Aim of the task: Leave the pictures in the listing below aside and reproduce exactly the lines starting with the one with "Psicomotricità su scacchiera gigante" and going on through the one with "国画《晓露》 作者 洪来祥", both ends included.

:: Available records ::

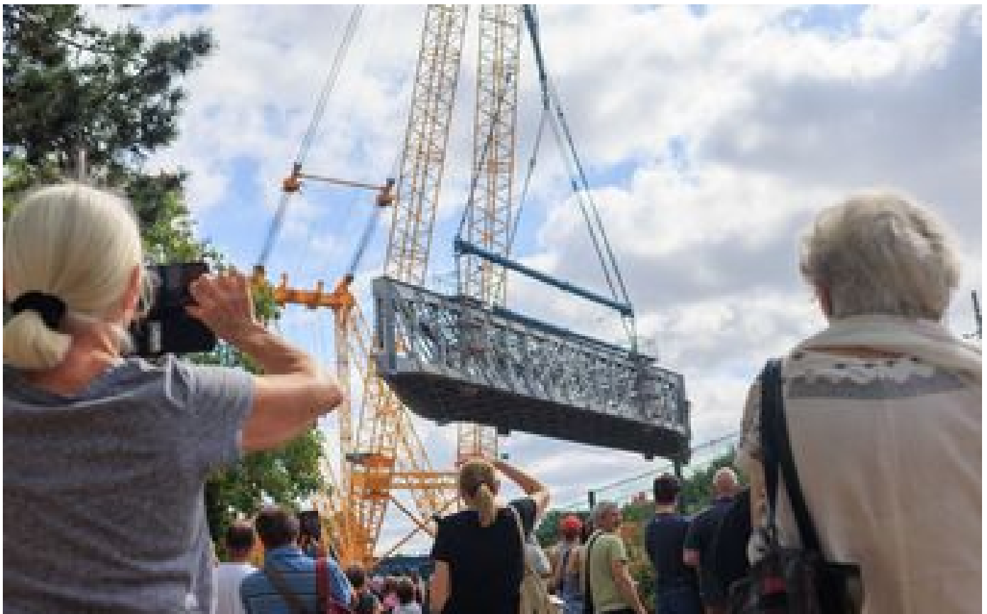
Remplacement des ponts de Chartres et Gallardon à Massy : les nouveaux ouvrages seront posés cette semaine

:::
:: Available records ::

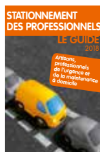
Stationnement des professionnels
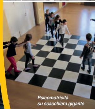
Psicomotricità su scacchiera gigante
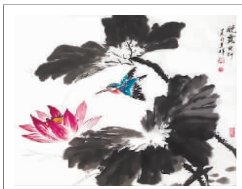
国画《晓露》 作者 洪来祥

:::

Response area:
Psicomotricità su scacchiera gigante
国画《晓露》 作者 洪来祥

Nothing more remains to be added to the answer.